2) He said this word with full knowledge of its meaning in French (his mother is French-Tunisian) and its derivation as an epithet in other parts of the world.
3) I'm not sure how we can use this same word in a flippant, off-hand manner. Especially when there were Kossacks who posted who knew precisely what it meant and how demeaning that term can be.
I like this comment by SoCalLiberal:
It's equivalent to the n-word among French colonists in North Africa. Now you may be wondering why this would mean anything. George Allen is just some southern white trash redneck and this poor guy, S.R. Siddarth, is an Indian-American. George Allen's mother immigrated from Tunisia, she was French born (that should be enough to get all the French hating voters in Virginia to vote against him). I think that when we start laughing at the word "Macaca", we help bolster Allen.
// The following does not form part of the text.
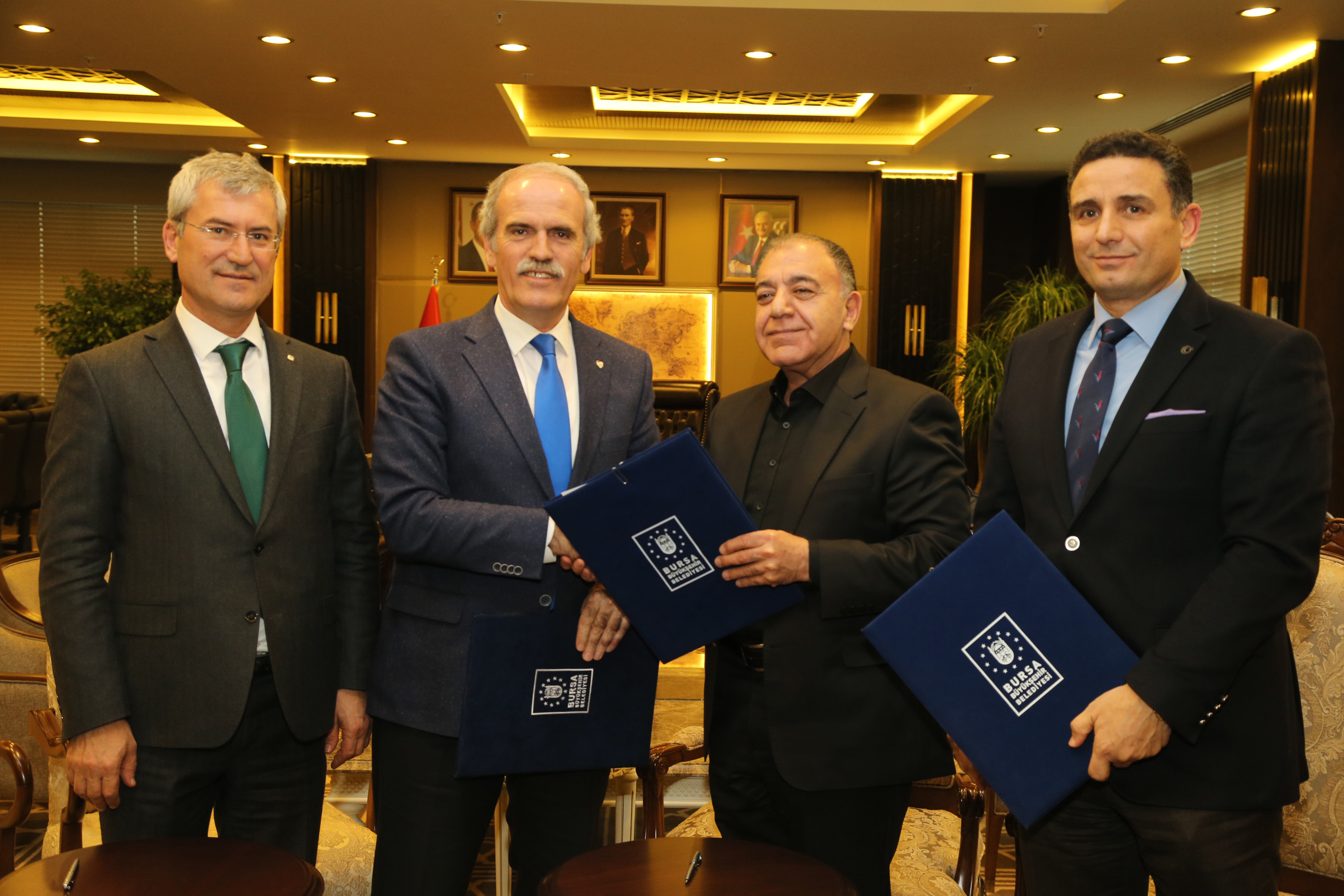 Büyükşehir Belediyesi, Bursa’yı daha yaşanabilir bir kent getirmek amacıyla yapılan çalışmalarda eğitim kurumlarını yenilemeye devam ederken, hayırseverlerin de destekleri sürüyor. Bursa Büyükşehir Belediye Başkanı Recep Altepe ile Akyükselen İnşaat adına hayırsever işadamları Muhammed Etkeser ve Celal Demir, Büyükşehir Belediyesi Yeni Hizmet Binası’nda bir araya geldi. Harmancık İmam Hatip Ortaokulu’nun yapımı ile ilgili protokole imza atan Başkan Altepe ile Etkeser ve Demir, hızla gelişen Bursa’da bir eğitim kurumuna destek olmanın heyecanını yaşadıklarını vurguladı.

After all, he wasn't wrong because he said a funny sounding word that rhymes with "caca" (after all, all Hawaians would be guilty when refering to their senator Daniel Akaka), he's wrong because he's a racist.
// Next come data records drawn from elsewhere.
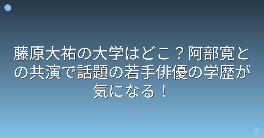 藤原大祐の大学はどこ?阿部寛との共演で話題の若手俳優の学歴が気になる!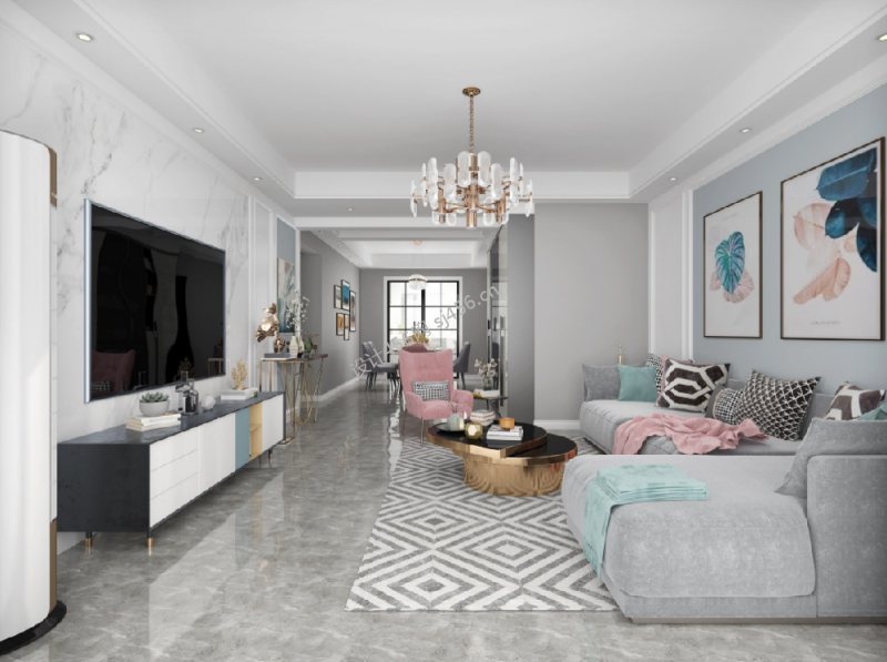 颐安·都会中央五期轻奢风格95平米三居室装修效果图案例风效果图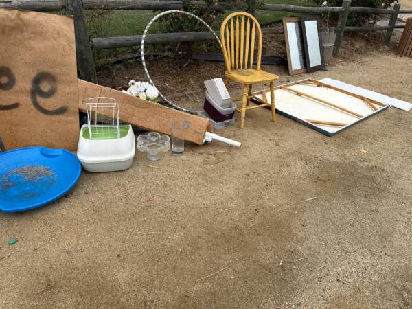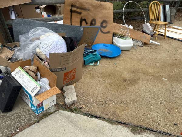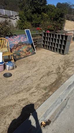 Free stuff on the curb 2 refrigerators Metal shelves Chairs painting clothes and more First come first serve

This comment from inclusiveheart also illustrates the point:
So far I have refrained from telling the story about the first time I heard the term "monkey" used to disparage black people sitting at my Great Aunt's kitchen table and being utterly disgusted even then. You see, my best friend was black - well worse in these low-life circles - she was the child of a white mother and black father and she was a whole lot nicer than my idiot aunt who married into my family. Anyhow, it is a bad term and there is a big difference between reporting that it has been used and adopting it in one's own vernacular. Thanks.
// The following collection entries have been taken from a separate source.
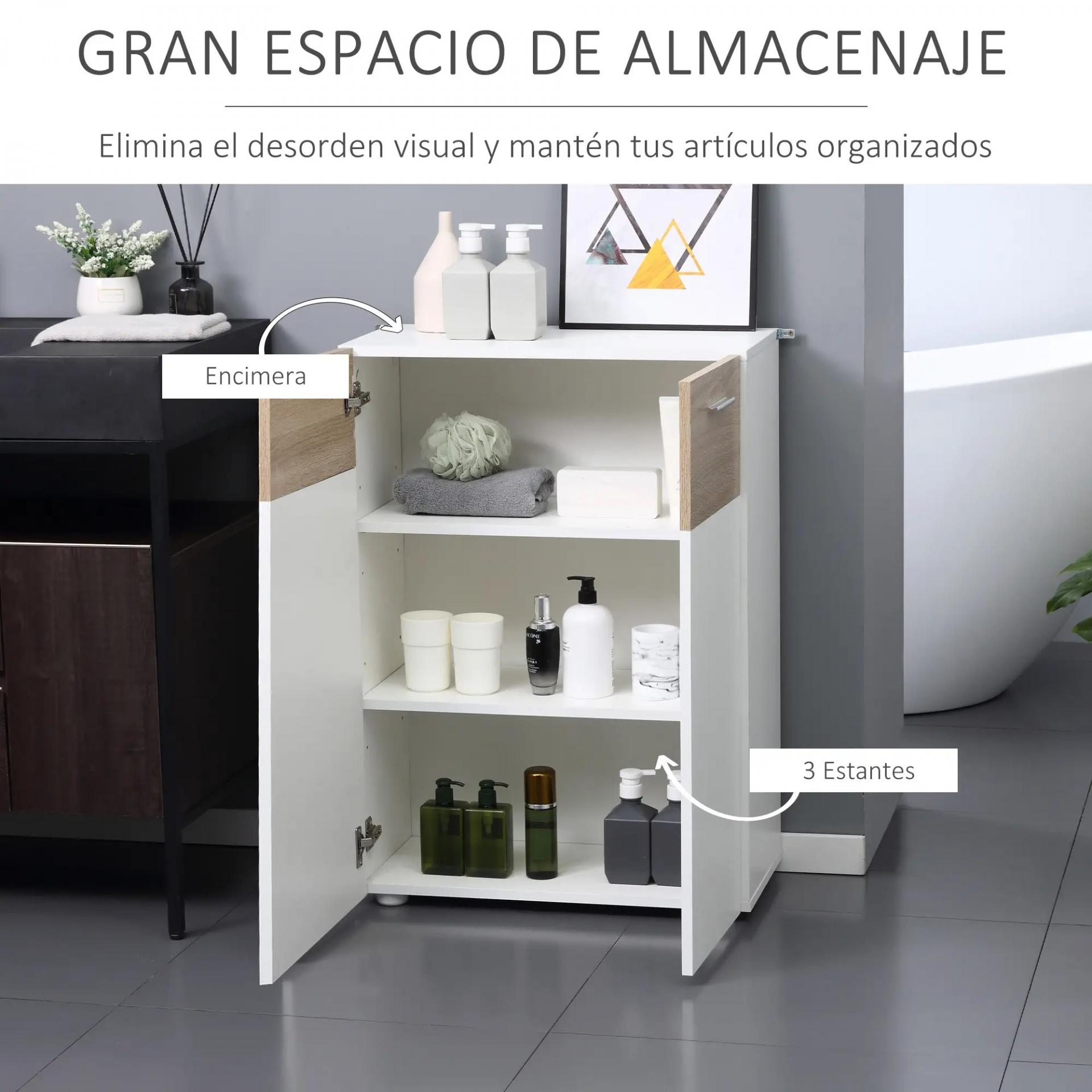 - AMPLIO ESPACIO: Compuesto por una encimera y muebles con doble puerta y 3 estantes interiores con altura regulable, cada uno capaz de soportar hasta 3 kg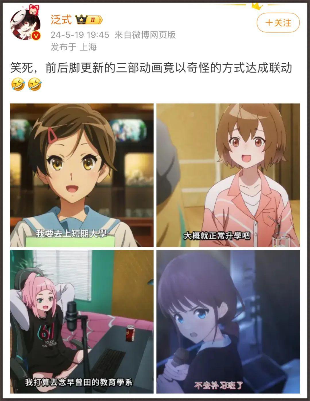 起因是前幾天我看到泛式吐槽,今年4月新番動畫以奇怪的方式達成了聯動——少女們爲未來的志願陷入煩惱。同一周更新的不同動畫裏,有的人準備上短期大學,有的人打算正常升學,有的人輟學自考,結果連補習班都不想上了……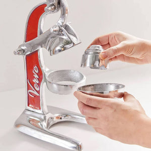 Indulge in the exquisite taste of fresh citrus juice with our small Artisan Citrus Juicer from Verve Culture. Expertly handcrafted from 100% recycled aluminum, it's perfect for juicing small citrus fruits like limes, lemons, and tangerines. This compact yet durable juicer is a must-have for any home chef or bartender!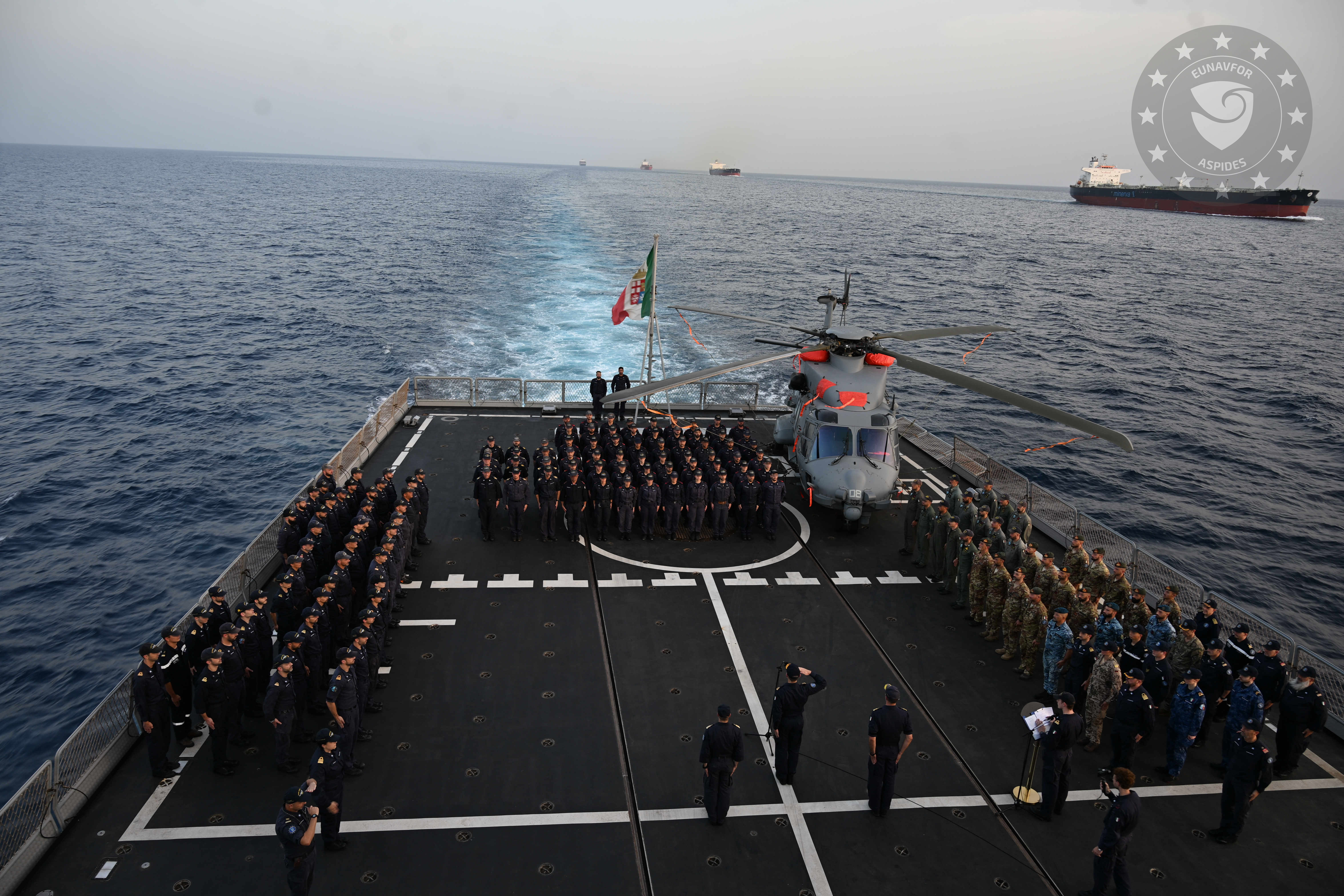 EUNAVFOR ASPIDES: Solemn Flag-Lowering Ceremony for Nave DUILIO in the Red Sea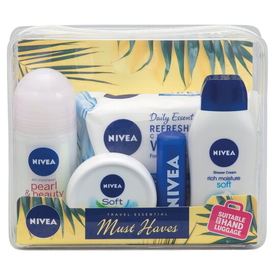 NIVEA® Rich Moisture Soft Caring Shower Cream: Aqua, Sodium Laureth Sulfate, Cocamidopropyl Betaine, PEG-7 Glyceryl Cocoate, Parfum, Glycerin, Prunus Amygdalus Dulcis Oil, Sodium Chloride, PEG-40 Hydrogenated Castor Oil, Polyquaternium-7, Citric Acid, PEG-200 Hydrogenated Glyceryl Palmate, PEG-3 Distearate, Sodium Benzoate, Linalool, Limonene, Citronellol, Benzyl Alcohol, Geraniol, Butylphenyl Methylpropional, Alpha-Isomethyl Ionone, NIVEA Original Care Caring Lip Balm: Octyldodecanol, Hydrogenated Rapeseed Oil, Ricinus Communis Seed Oil, Cera Alba, Ethylhexyl Stearate, Cetyl Palmitate, Cetearyl Alcohol, Polyglyceryl-3 Diisostearate, Copernicia Cerifera Cera, Butyrospermum Parkii Butter, Persea Gratissima Oil, Simmondsia Chinensis Seed Oil, Aqua, BHT, Limonene, Linalool, Citronellol, Aroma, NIVEA Pearl & Beauty Anti-Perspirant Roll On: Aqua, Aluminum Chlorohydrate, PPG-15 Stearyl Ether, Steareth-2, Steareth-21, Parfum, Hydrolyzed Pearl, Persea Gratissima Oil, Trisodium EDTA, BHT, Geraniol, Benzyl Alcohol, NIVEA Soft Moisturising Cream: Aqua, Glycerin, Paraffinum Liquidum, Myristyl Alcohol, Butylene Glycol, Alcohol Denat., Stearic Add, Myristyl Myristate, Cera Microcristallina, Glyceryl Stearate, Hydrogenated Coco-Glycerides, Simmondsia Chinensis Seed Oil, Tocopheryl Acetate, Lanolin Alcohol (Eucerit®), Polyglyceryl-2 Caprate, Dimethicone, Sodium Carbomer, Phenoxyethanol, Linalool, Citronellol, Alpha-Isomethyl Ionone, Butylphenyl Methylpropional, Limonene, Benzyl Alcohol, Benzyl Salicylate, Parfum, NIVEA Daily Essentials Refreshing Cleansing Wipes for Normal Skin: Aqua, Isopropyl Stearate, Tocopheryl Acetate, Panthenol, Nelumbium Speciosum Flower Extract, Glyceryl Glucoside, Glycerin, VP/Hexadecene Copolymer, Acrylates/C10-30 Alkyl Acrylate Crosspolymer, Propylene Glycol, Ethylhexylglycerin, Sodium Hydroxide, Phenoxyethanol, Methylparaben, Limonene, Linalool, Benzyl Alcohol, Geraniol, Citronellol, Alpha-Isomethyl Ionone, Hexyl Cinnamal, Butylphenyl Methylpropional, Benzyl Salicylate, Parfum

The single best diary on the subject is The Vocabulary of Racism by Irishkorean:
Asian Racist slurs are the "Mad Libs" of the Ku Klux Klan. It's about what you can make up on the spot, rhyming, staccato, so long as it clearly isn't a real word. That's the thing about Asian Racism, the vocabulary changes every time a Racist opens their mouth.
That's what happened to S.R. Siddarth. Text book Asian Racism. George Allen Made up a word, used it to identify an Asian Man, and welcomed him to America.
Somebody points at me, makes up a word, and welcomes me to America (I'm born and bred red, white, and blue). That's when I start Swinging. Because that is how Asian Racism works.
There is a lot of confusion if you're not Asian, about how Racism works in this regard. Often the "Afro-Racism" model is used to identify it. If it doesn't fit that model then you're not sure if it is Racism or not. I see lots of folks taking a step back, and not hammering Allen like he deserves. The confusion is understandable, as Afro-Racism is the predominant form in our country.
But whatever you do, have no fucking doubt in your mind as to what George Allen did.
George Allen used Asian Racism, in its most common form. It's not a distant Tunisian/French, learned from a distant relative--whatever...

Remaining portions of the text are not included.